Summary: A new study reports genetic variations in sensitivity to oxytocin allows dogs to be more sociable and seek out contact with their owners.

Source: Linköping University.

The tendency of dogs to seek contact with their owners is associated with genetic variations in sensitivity for the hormone oxytocin, according to a new study from Linköping University, Sweden. The results have been published in the scientific journal Hormones and Behavior and contribute to our knowledge of how dogs have changed during their development from wolf to household pet.

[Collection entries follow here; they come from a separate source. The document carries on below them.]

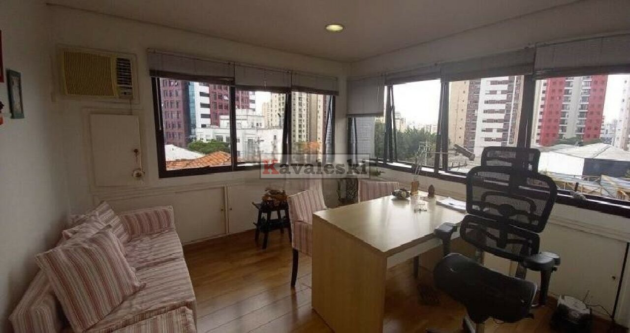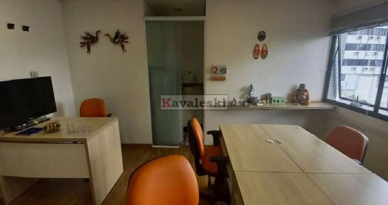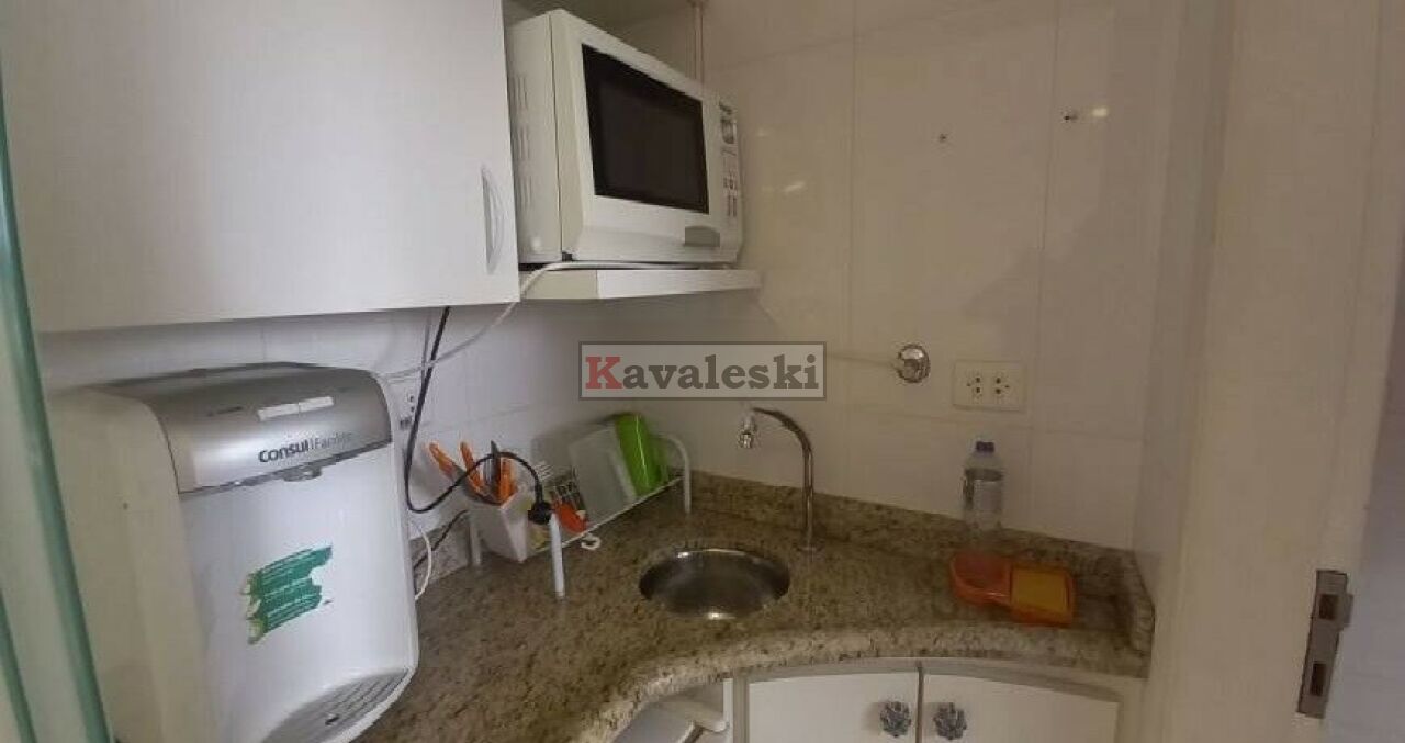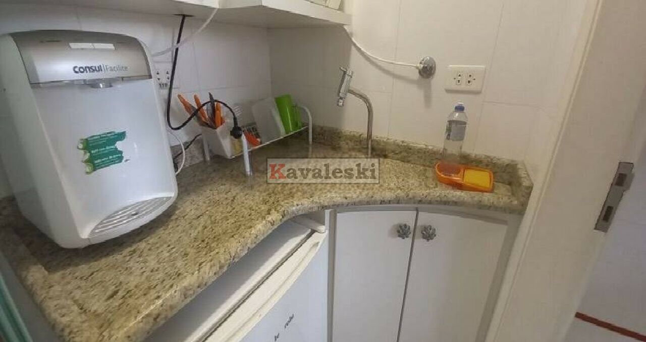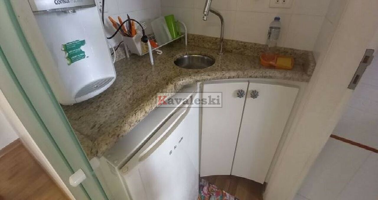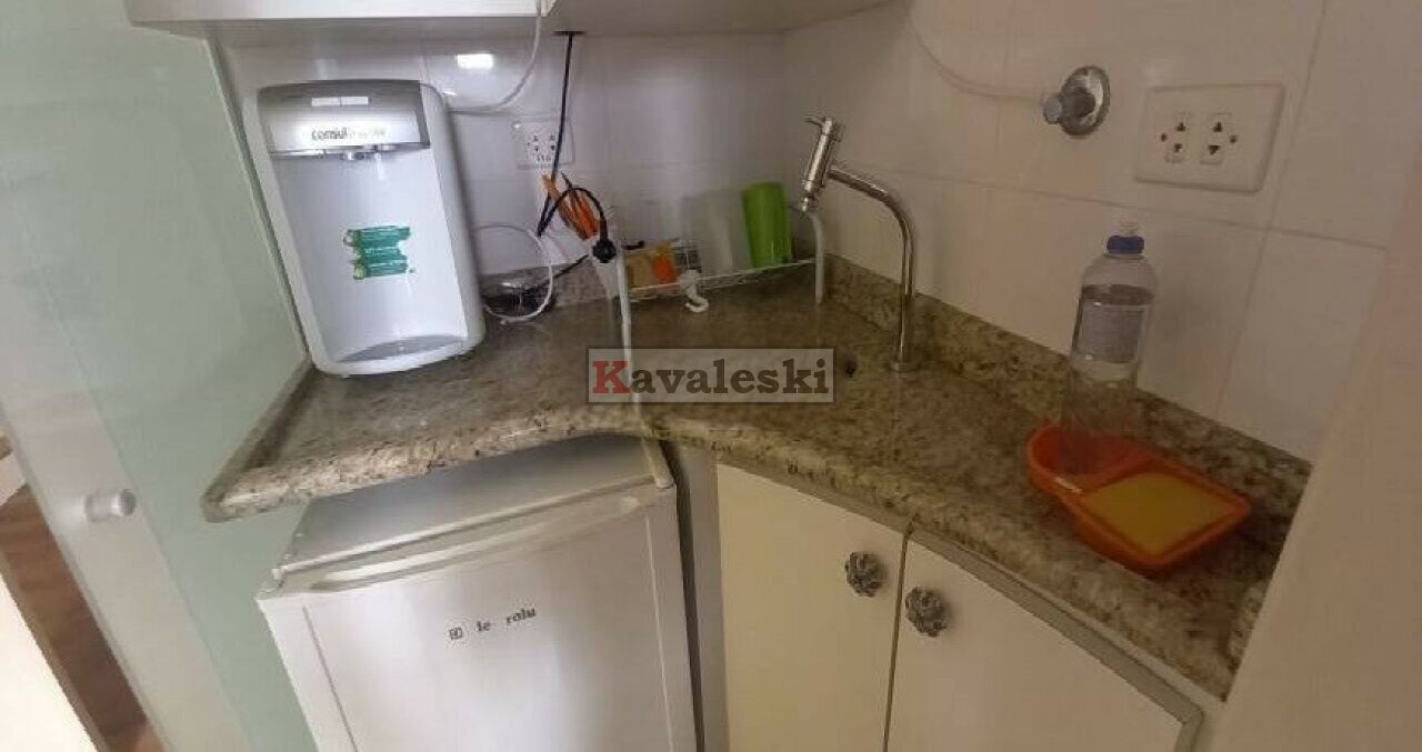 Com 49 metros o espaço comporta sala e banheiro privado, além de copa cozinha, tem um depósito para materiais de limpeza.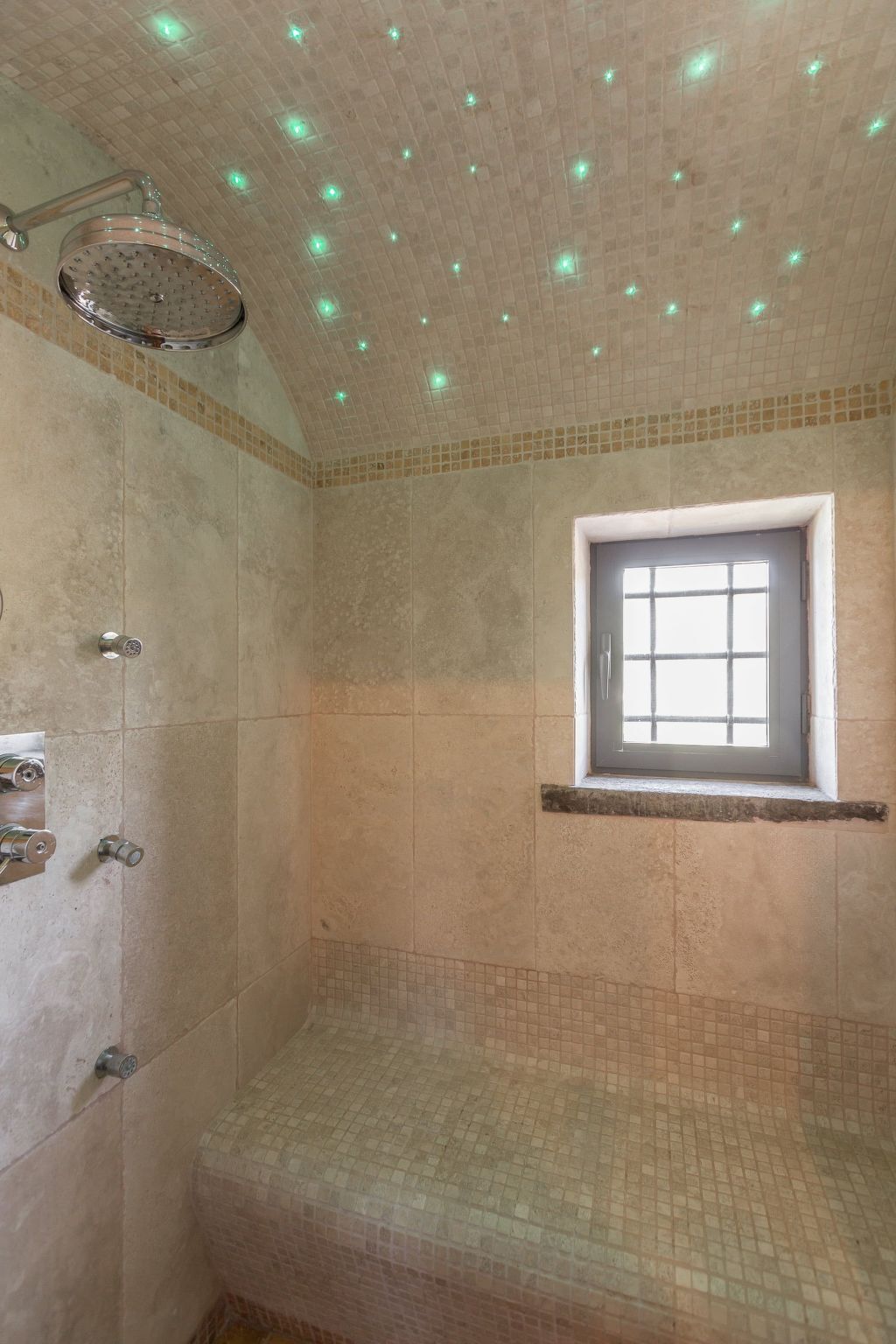 From the entrance hall, a stone staircase leads to the first floor, where there is a large double bedroom (30 m²) with en-suite bathroom with Turkish bath/shower, another double bedroom and a twin bedroom (which can be converted into another double bed), both sharing a bathroom with whirlpool tub and shower with chromotherapy and aromatherapy kit.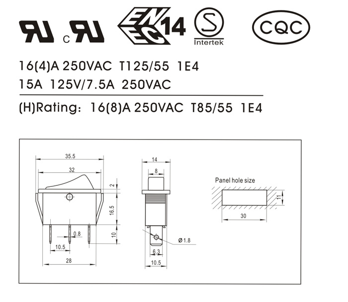 (H): 16(8)A 250VAC T85/55 1E4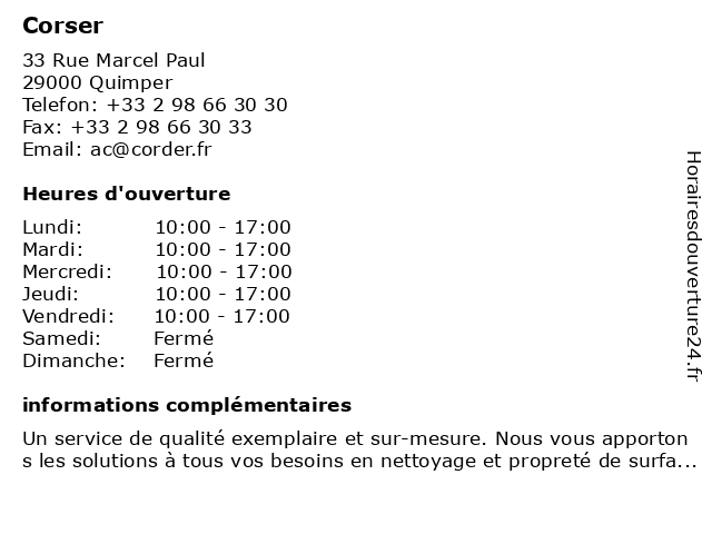 1 CORSER (Distance: 55,14 km) 1 Rue Honoré d'Estienne d'Orves, 56100 Lorient corser, entreprises, nettoyage de vitre, nettoyage professionnel, propreté, remise en état |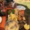 Примерно все по 50:Картофельные самодельные чипсы,5 креветок(пробовали-вкусно:),порезанный манго ну и много всего разного.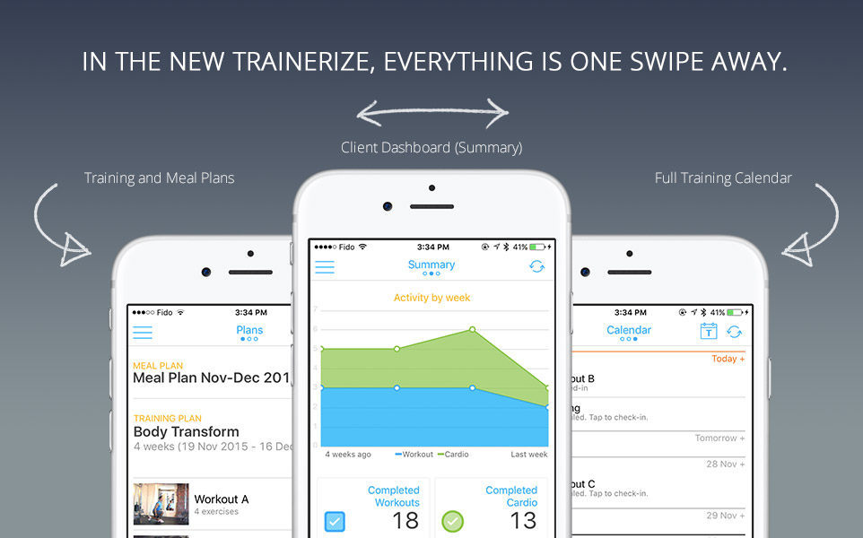 CLIENT DASHBOARD RE-IMAGINED. We’ve completely redesigned the client dashboard into a 3-screen experience. From the Summary screen, trainers and clients can access the calendar and the plans by simply swiping left or right.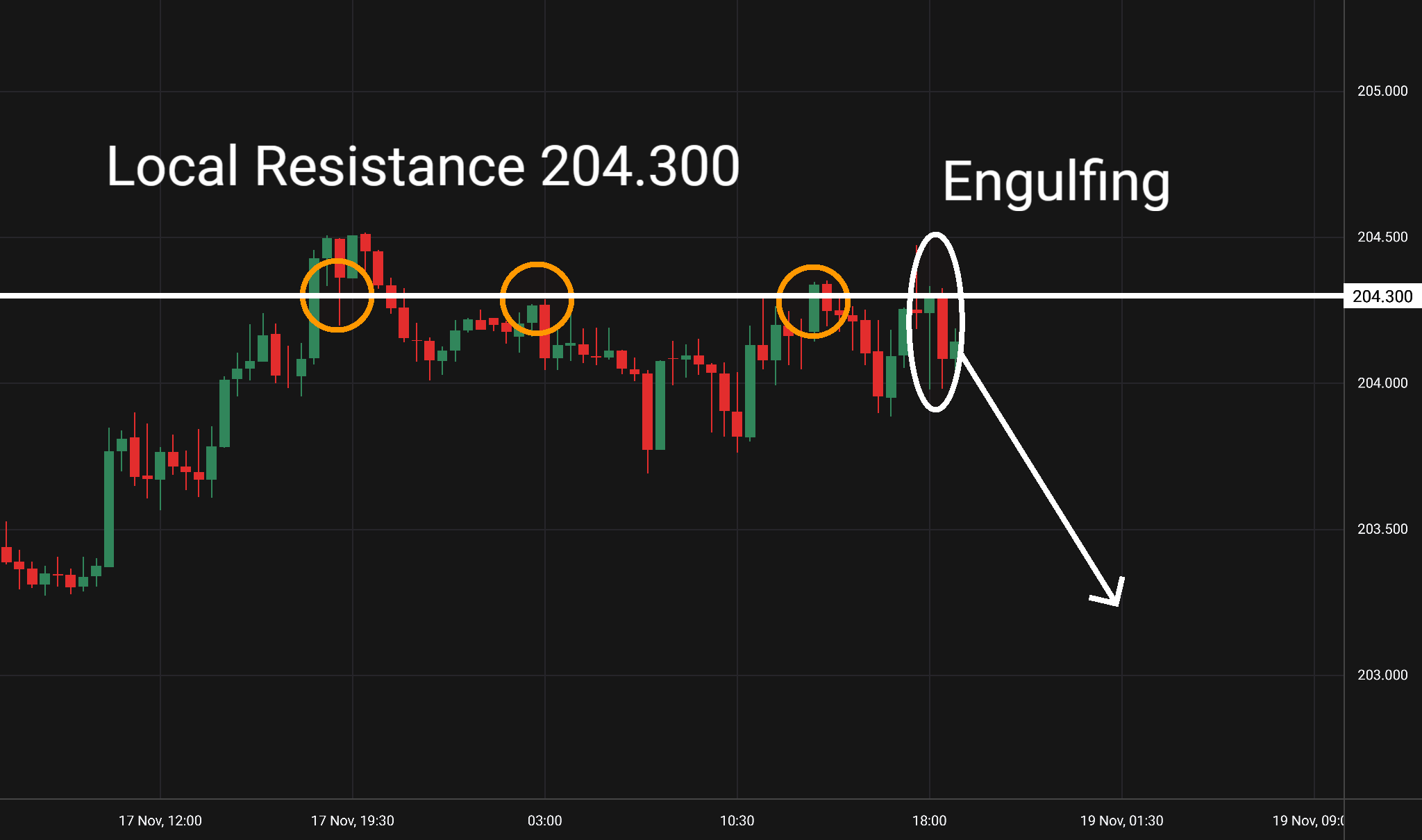 Intradenní Price Action patterny na GBP/JPY 18.11.2025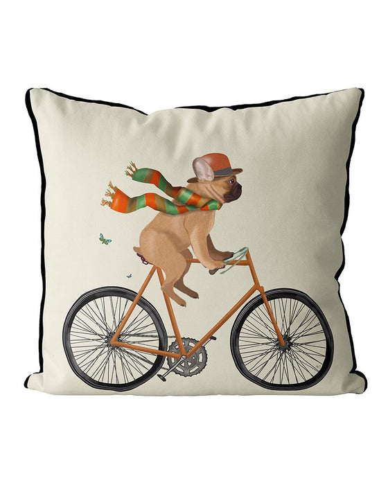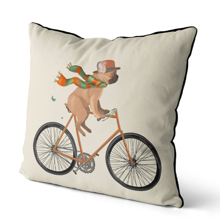 French Bulldog on Bicycle, Cushion / Throw Pillow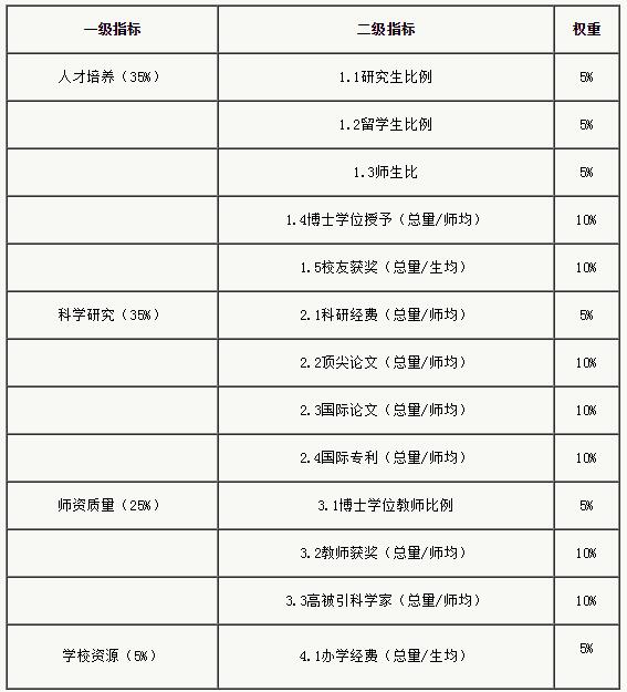 中国两岸四地大学排名的指标体系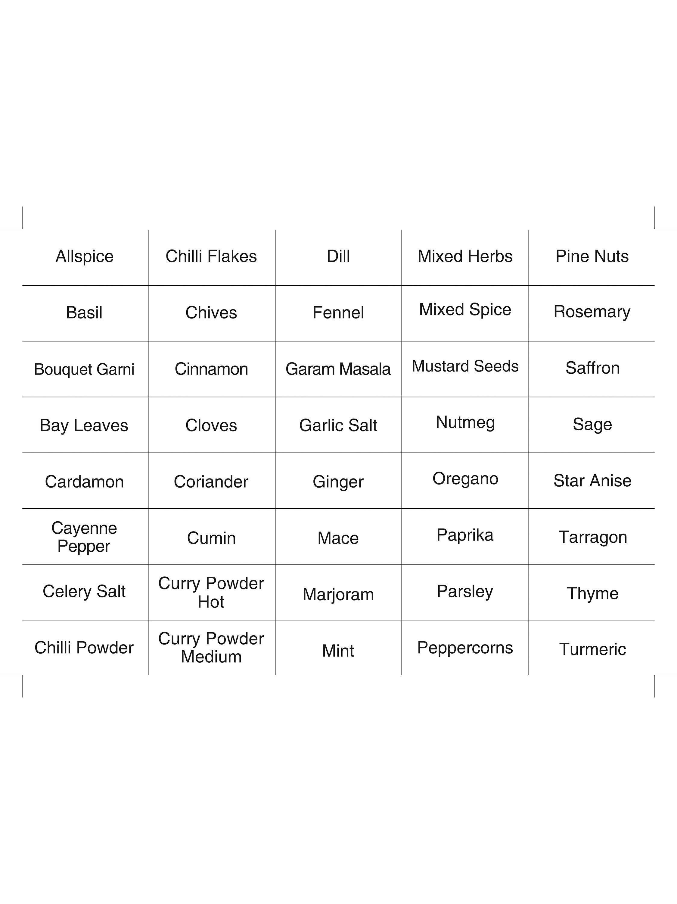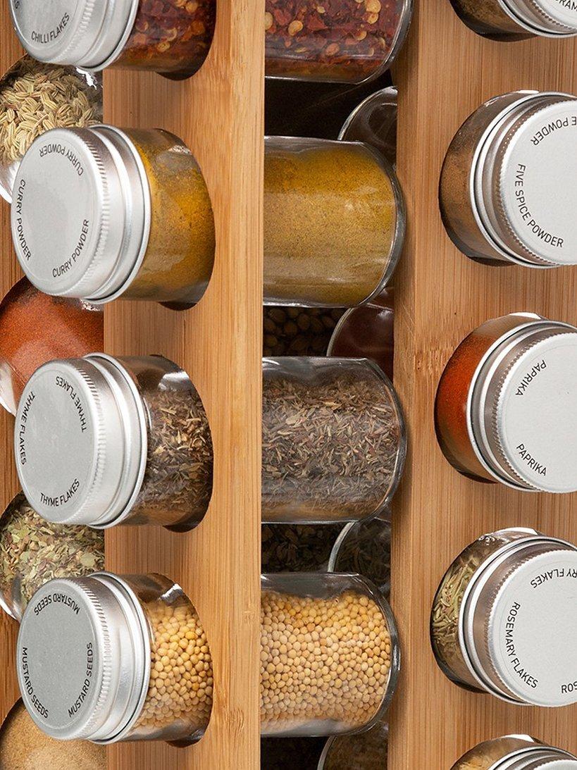 This filled bamboo spice rack allows you to efficiently combine a collection of your favourite flavours in the kitchen. The attractive twist-top glass jars make it easy to select just the right herb or spice for your recipes.

During their domestication from their wild ancestor the wolf to the pets we have today, dogs have developed a unique ability to work together with humans. One aspect of this is their willingness to “ask for help” when faced with a problem that seems to be too difficult. There are, however, large differences between breeds, and between dogs of the same breed. A research group in Linköping, led by Professor Per Jensen, has discovered a possible explanation of why dogs differ in their willingness to collaborate with humans.

The researchers suspected that the hormone oxytocin was involved. It is well-known that oxytocin plays a role in social relationships between individuals, in both humans and animals. The effect of oxytocin depends on the function of the structure that it binds to, the receptor, in the cell. Previous studies have suggested, among other things, that differences in dogs’ ability to communicate are associated with variations in the genetic material located close to the gene that codes for the oxytocin receptor. The researchers in the present study examined 60 golden retrievers as they attempted to solve an insoluble problem.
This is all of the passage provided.